The fate of a 17-year-old girl, a first-generation learner in an entire settlement of Irulas in Peerkankaranai near Tambaram, to pursue higher education hinges on the Revenue Department issuing a community certificate to her.
She has been seeking this important certificate for the past one month to join a government-aided college near Tambaram. E. Deepa (17) is the first among 20-odd families belonging to the Irular community living in Devanesan Nagar, Peerkankaranai near Tambaram, to have completed schooling.
Her parents, Elumalai, a flower vendor, and Kannagi, a homemaker, have never been to school. Her younger brothers Satish and Vijay are in Class IX. Deepa completed Plus Two from Jaigopal Garodia National Higher Secondary School in East Tambaram in the accountancy group, scoring 773 marks.
She applied for her community certificate three years ago when she completed Class X, but is yet to receive it. Soon after Plus Two results were announced, she applied for B.Com at a couple of government-aided colleges near Tambaram and one of them has assured her a seat under the quota for Scheduled Tribes. However, they insisted on her community certificate.

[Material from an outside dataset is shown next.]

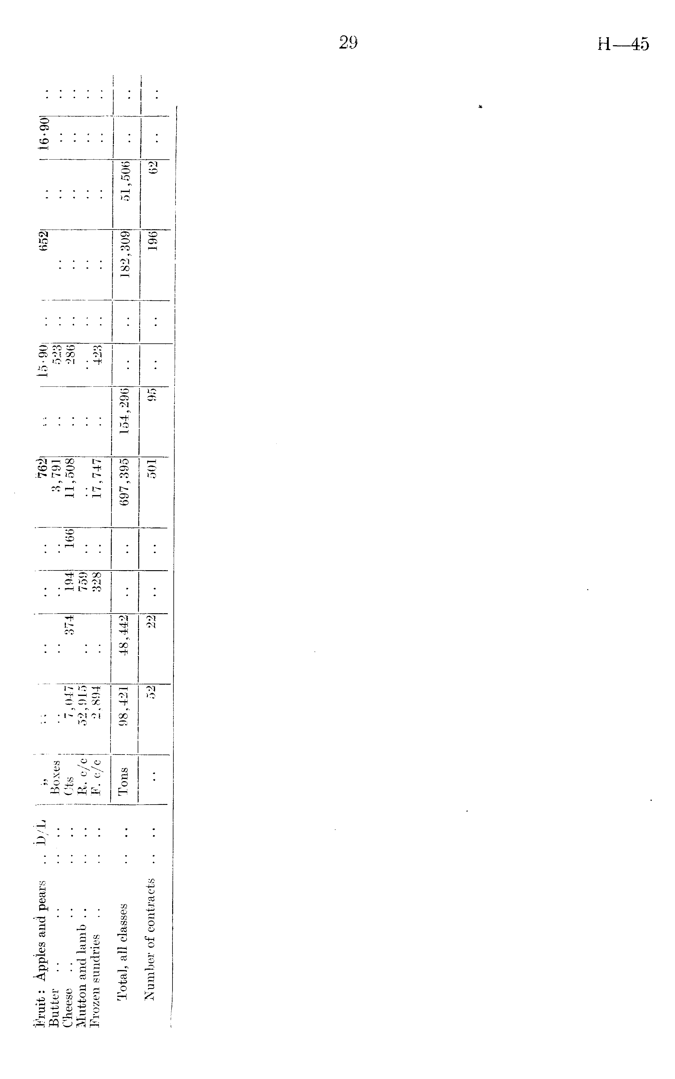 i'ruit: Appies and pears .. jD/L Butter .. .. .., .. Cheese .. .. .... Mutton and lamb Frozen sundries 99 Boxes Ots R. c/c P. c/c 7,047 52,915 2,894 374 194 759 328 166 762 3,791 11,508 17,747 15-90 523 286 423 652 16-90 Total, all classes Tons 98,421 48,442 697,395 154,296 182,309 51,506 Number of contracts .. •• 52 22 501 95 196 62

When she explained the situation to college authorities, they gave her a grace period and recently made it clear that they would not wait beyond Monday.
P. Radhakrishnan, councillor of Peerkankaranai Town Panchayat of Ward No. 2, where Deepa lives, said the applications of several other students and elders seeking community certificates and other documents had been pending with the Revenue Department for some years now.

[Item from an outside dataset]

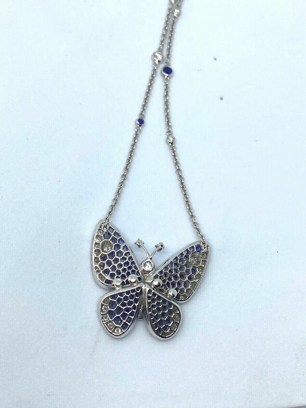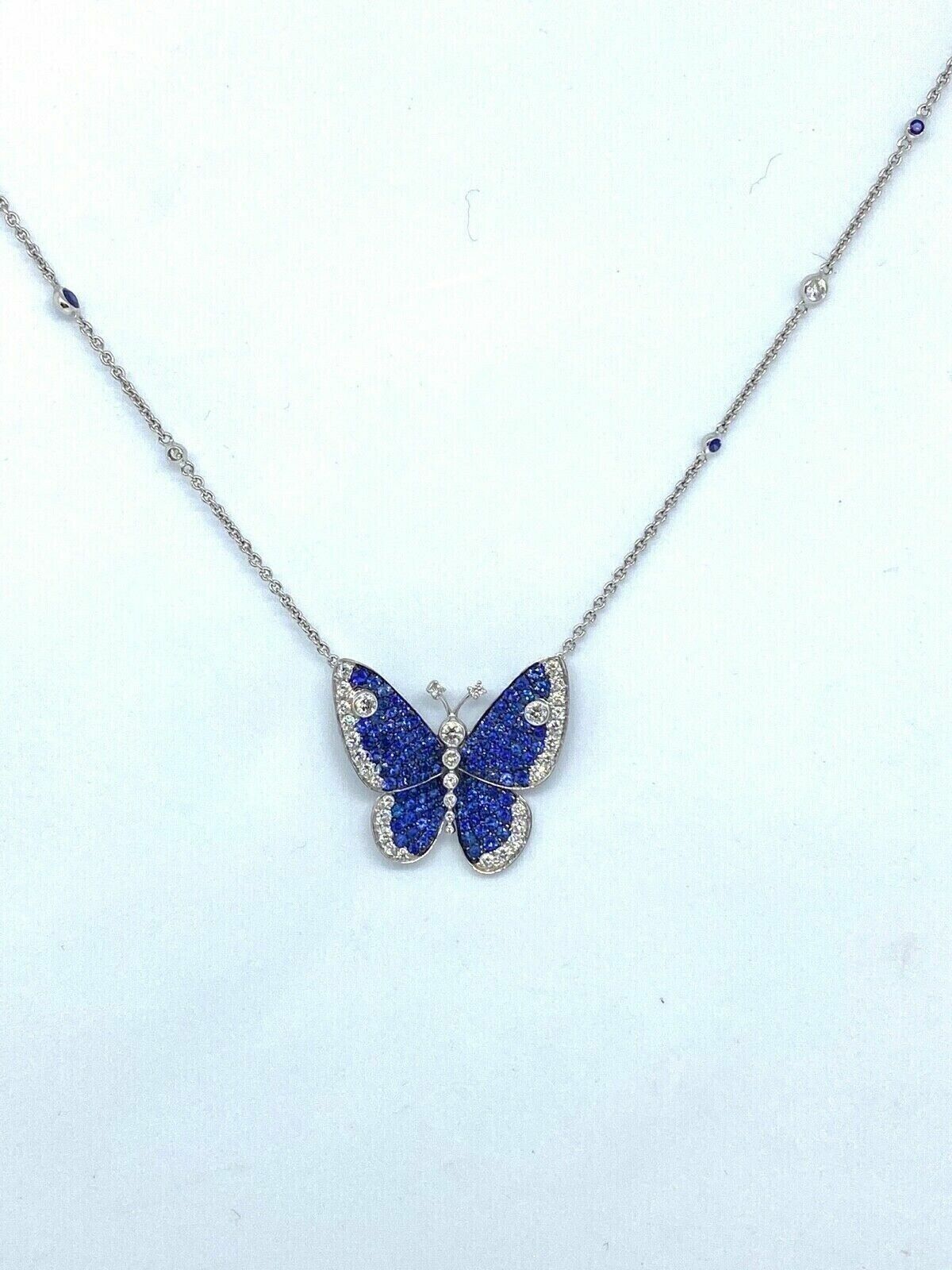 1.50Ct Round Cut CZ Blue Sapphire Butterfly Pendant 14K White Gold Finish 18''
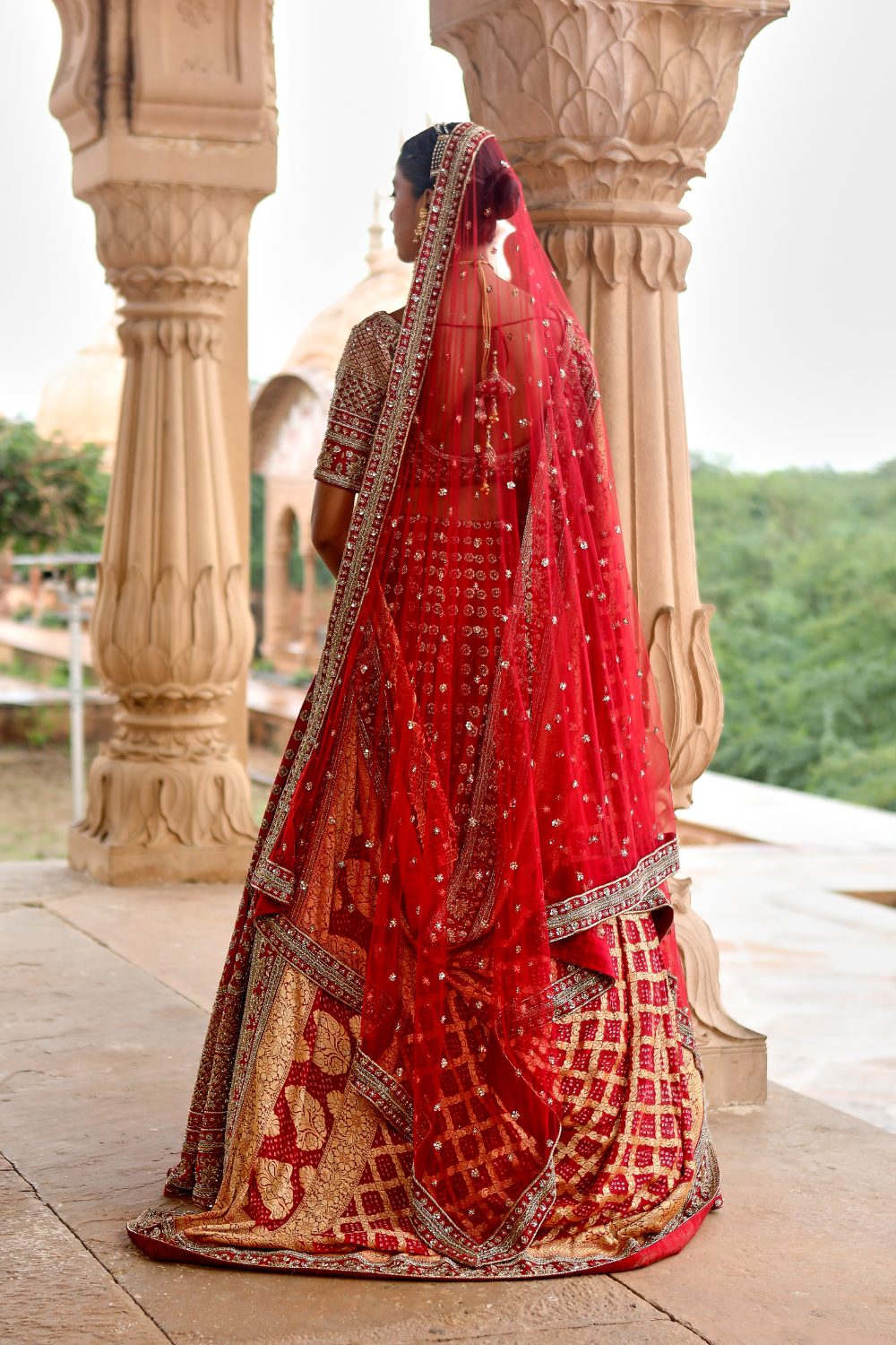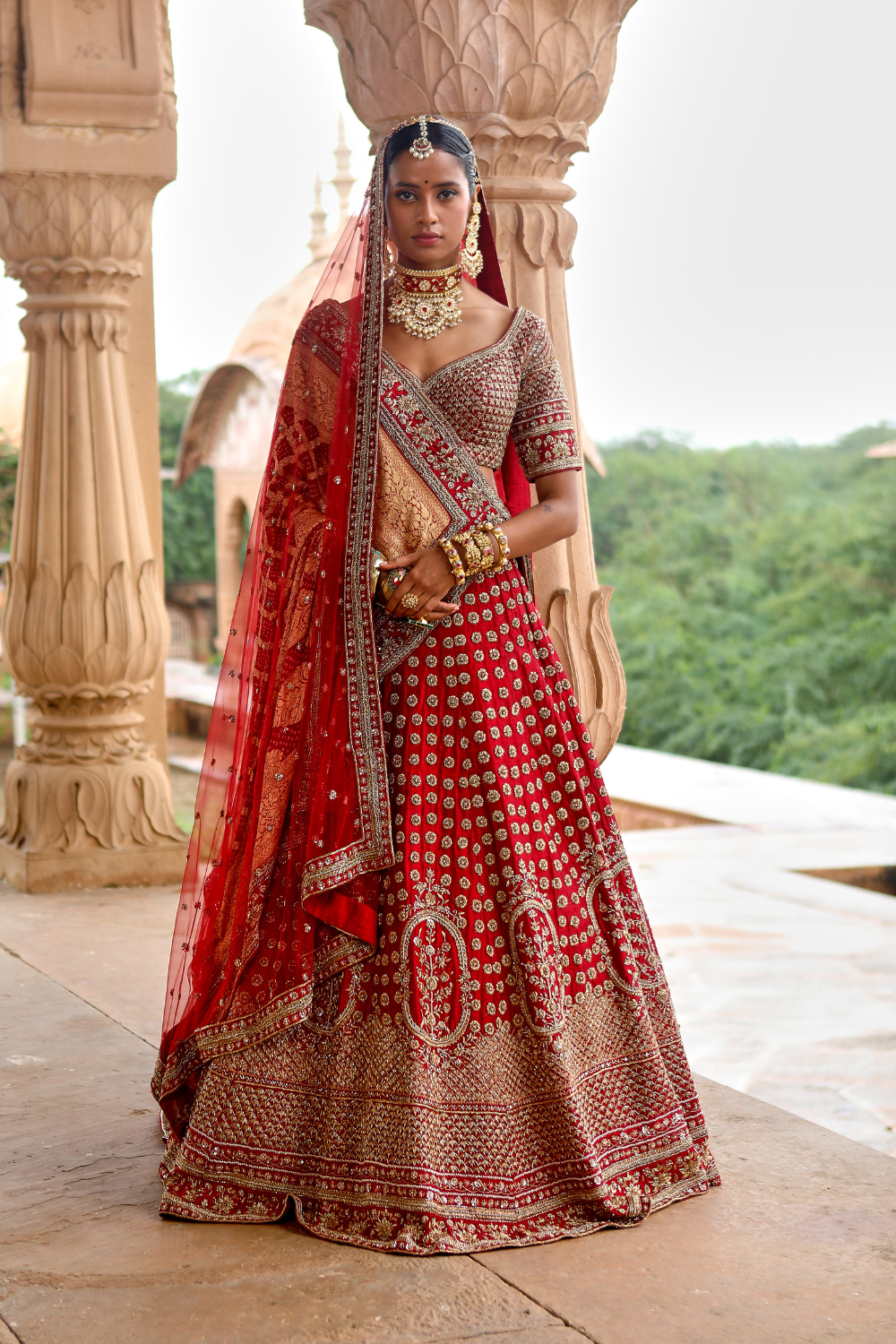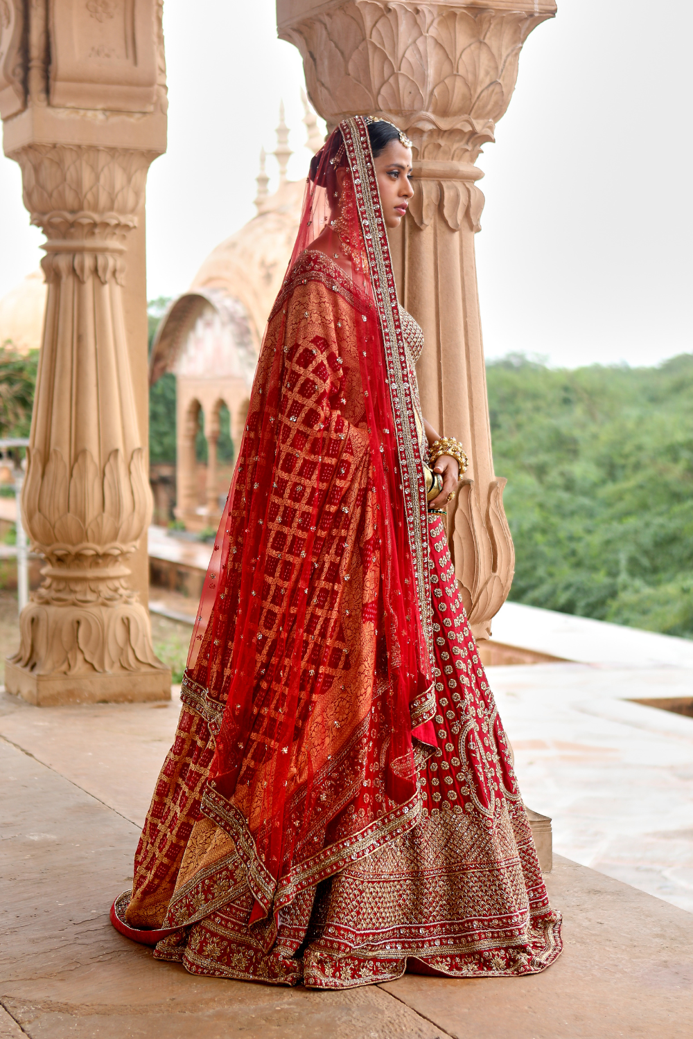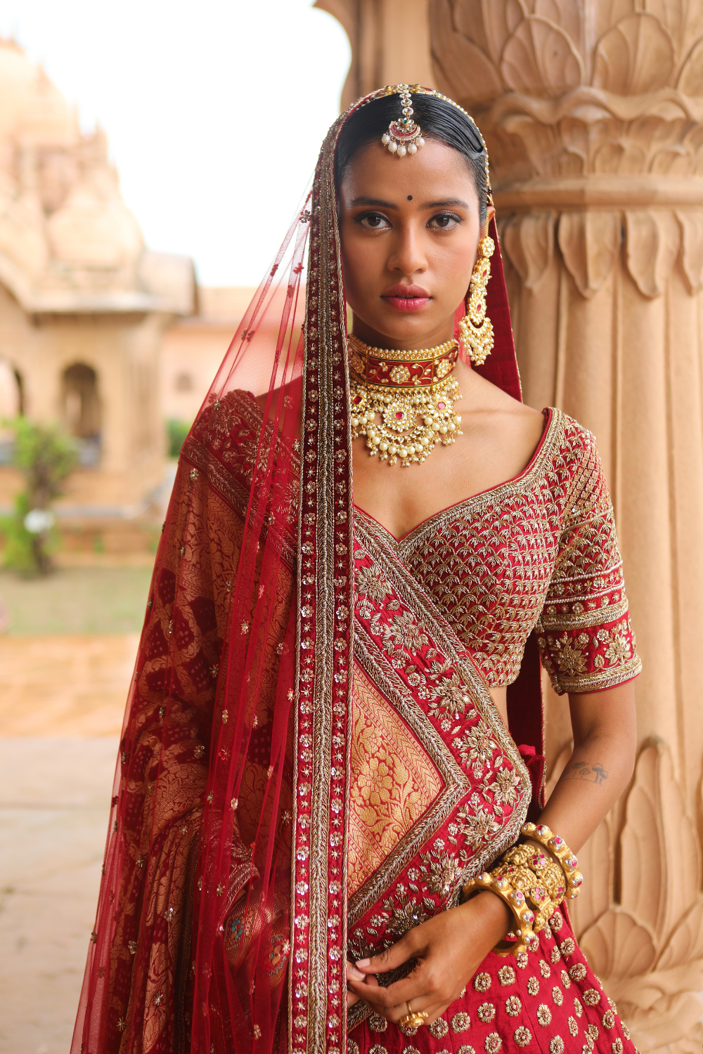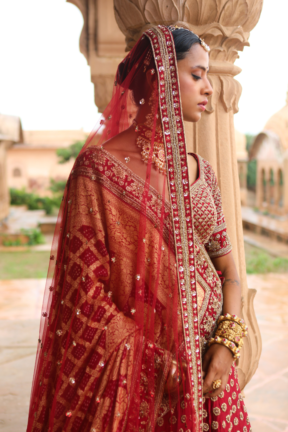 Featuring a Red raw-silk bridal lehenga set paired with a butterfly net base and banarsi dupatta with gold zardosi and aari embroidery on it.

Mr. Radhakrishnan, who is also Vice-Chairman of the town panchayat (and also area secretary of Communist Party of India (Marxist), said it was a matter of great pride for the entire settlement of Irulars to see one among them entering the portals of higher education for the first time, but procedural delays and red-tape came in the way.

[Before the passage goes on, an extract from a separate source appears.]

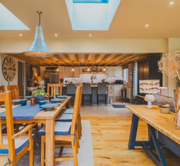 Fox Barn Farm is a beautifully presented detached stone-built barn conversion benefiting from an adjoining guest annexe - currently operating as a successful holiday let. The property is set within approximately 0.7 acres of mature gardens. The property is surrounded by stunning countryside that provides an idyllic setting and stunning views to enjoy whilst relaxing on the wrap around terrace, a perfect spot for al-fresco dining. Both the property and adjoining annexe have been extensively renovated throughout to an exceptionally high standard. This includes complete re-plumbing/re-wiring, new heating installation, contemporary yet in keeping extension to kitchen/living room, high quality fixtures and fittings and bespoke fitted utility/boot room.
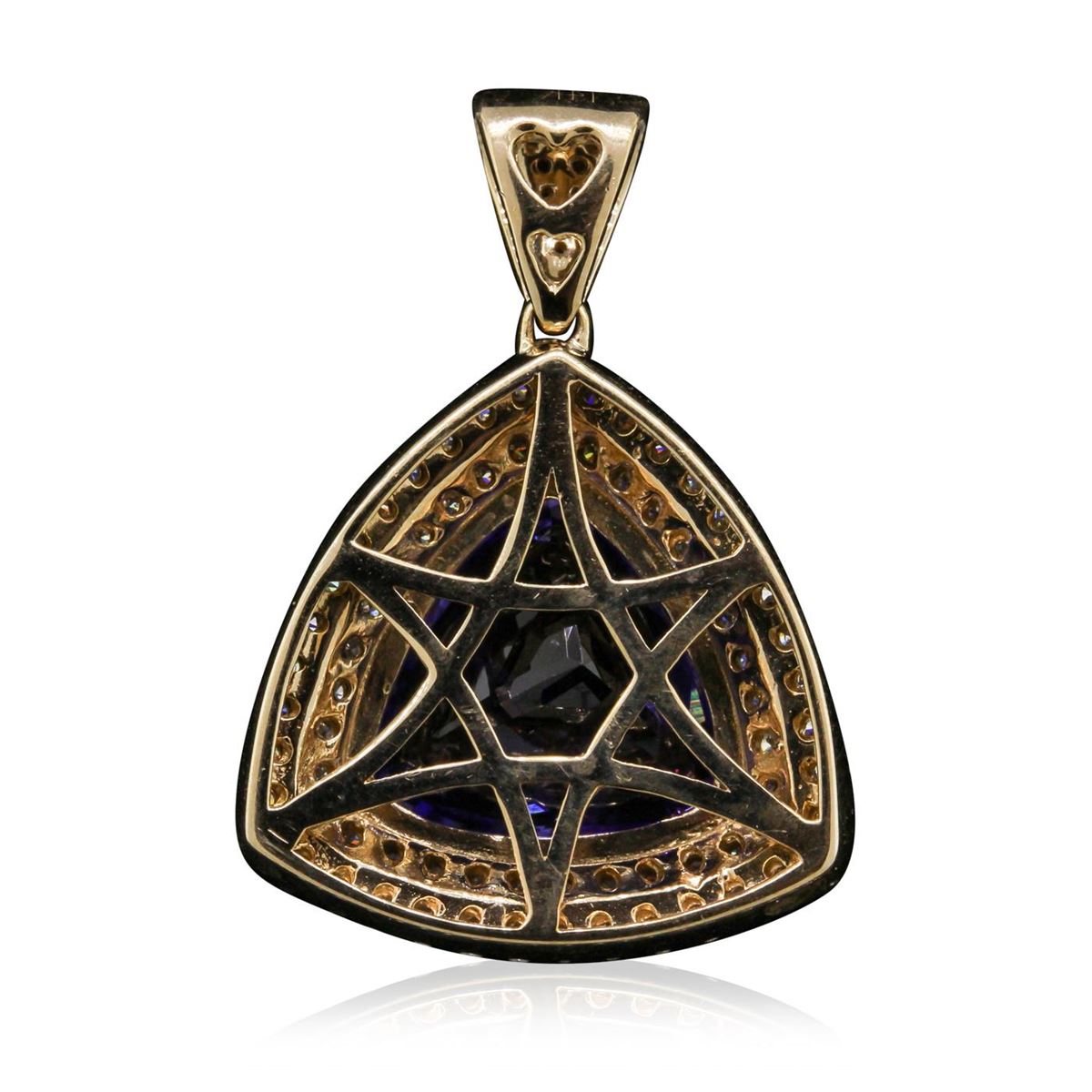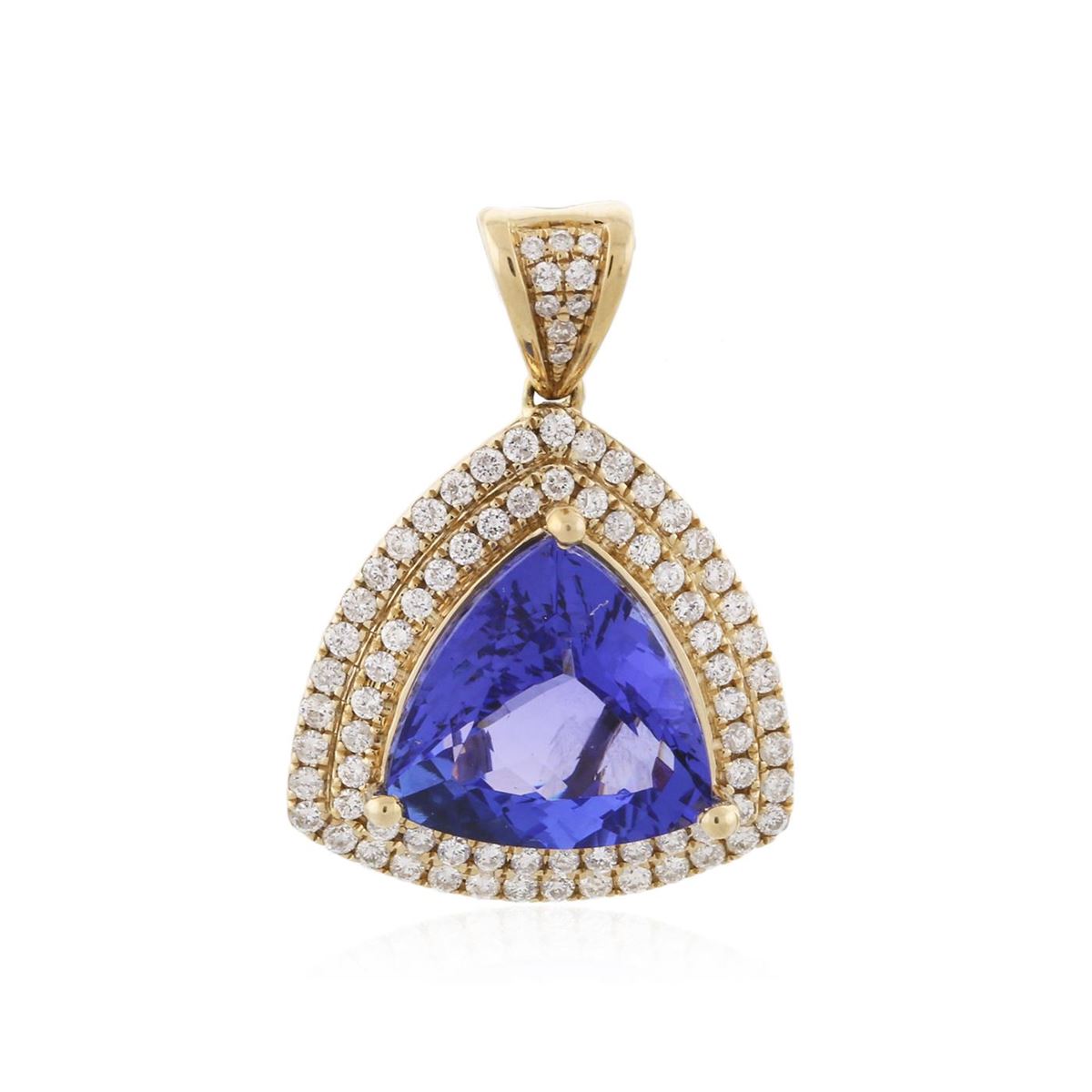 One electronically tested 14KT yellow gold Ladies combination cast & assembled fashion pendant with a bright polish finish. Condition is new. Identified with markings of "14K". Containing: One prong set triangle modified mixed cut natural tanzanite, measuring 12.50 x 12.50 x 7.10mm, approximate weight of 6.85ct., clarity is eye clean, type I, medium, moderately strong, blue color, (GIA B 5/4), cut is very good. Colored gemstones are presumed to have been subjected to commonly used and possible undetectable color/clarity enhancement processes. Nine prong set round brilliant cut diamonds, measuring 1.00 - 1.00 x 0.60mm (depth est.) approximate. Total Weight of 9 Stones = 0.09ct. Clarity: SI-1 to SI-2. Color: G - H, Cut is Good. Seventy prong set round brilliant cut diamonds, measuring 1.30 - 1.30 x 0.78mm (depth est.) approximate. Total Weight of 70 Stones = 0.79ct. Clarity: SI-1 to I-1. Color: H - I, Cut is Good. Total Weight of Colored Stones 6.85ct. Total Weight of Diamonds 0.88ct. Total Weight of Pendant 6.70 grams. GGL Appraised at $13,985.00.

He said Tambaram, which was earlier the Taluk Headquarters, was upgraded as a Revenue Divisional Headquarters to improve service delivery to those seeking help, especially the poor and under-privileged. Deepa's relatives said enquiries by the revenue staff were nothing more than harassment as they were asked about their nature of work, the deities they worshipped and other personal family details, including the way in which women of the community tied their “thaali.”
On why the department took such a long time to issue community certificates to the Irulas, officials said they had to conduct thorough enquiries to establish that their claims of being ST were right. Unlike other documents, community certificates could not be handed over to the people in a hurry and that it required enquiry of the applicants after spot visits.
Acknowledging that there had been a delay on their part, they pointed out that many officials of the Revenue Department in Tambaram got transferred at regular intervals, hindering the process. The process of issuing government documents to the Irulars would be expedited after a thorough verification, officials said, adding they would ensure that the lack of the community certificate would not come in the way of Deepa's higher education.